_Your goal_:
Once you reach the line with "Blick vom Strand" below, copy each line exactly, stopping after the line with "浩克把珍妮佛一拳揍飛,顯然致敬《復仇者聯盟》電影中浩克把索爾揍飛的場景。", and skip any pictures.

_Records provided_:
= = = = =

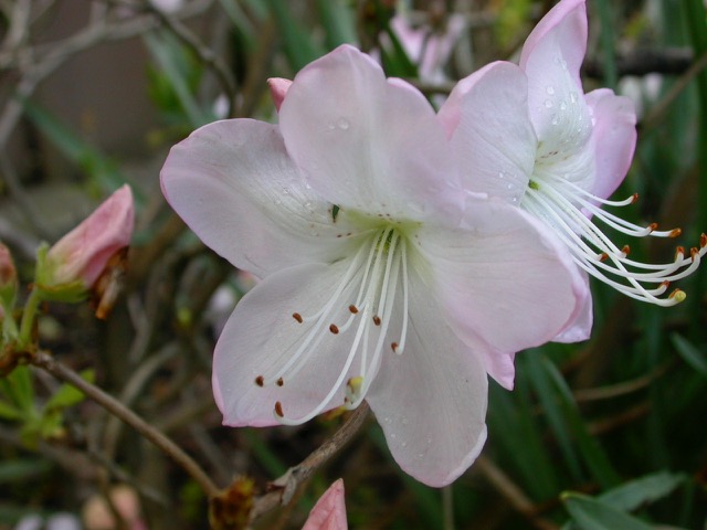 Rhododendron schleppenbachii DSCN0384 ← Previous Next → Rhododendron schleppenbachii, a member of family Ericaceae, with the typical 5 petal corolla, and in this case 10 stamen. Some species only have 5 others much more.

= = = = =

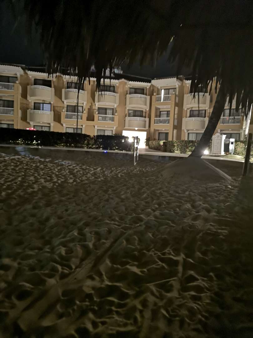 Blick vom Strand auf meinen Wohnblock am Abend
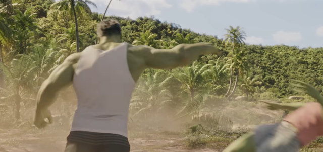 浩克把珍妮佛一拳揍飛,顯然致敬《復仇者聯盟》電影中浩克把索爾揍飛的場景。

= = = = =

_Result_:
 Blick vom Strand auf meinen Wohnblock am Abend
 浩克把珍妮佛一拳揍飛,顯然致敬《復仇者聯盟》電影中浩克把索爾揍飛的場景。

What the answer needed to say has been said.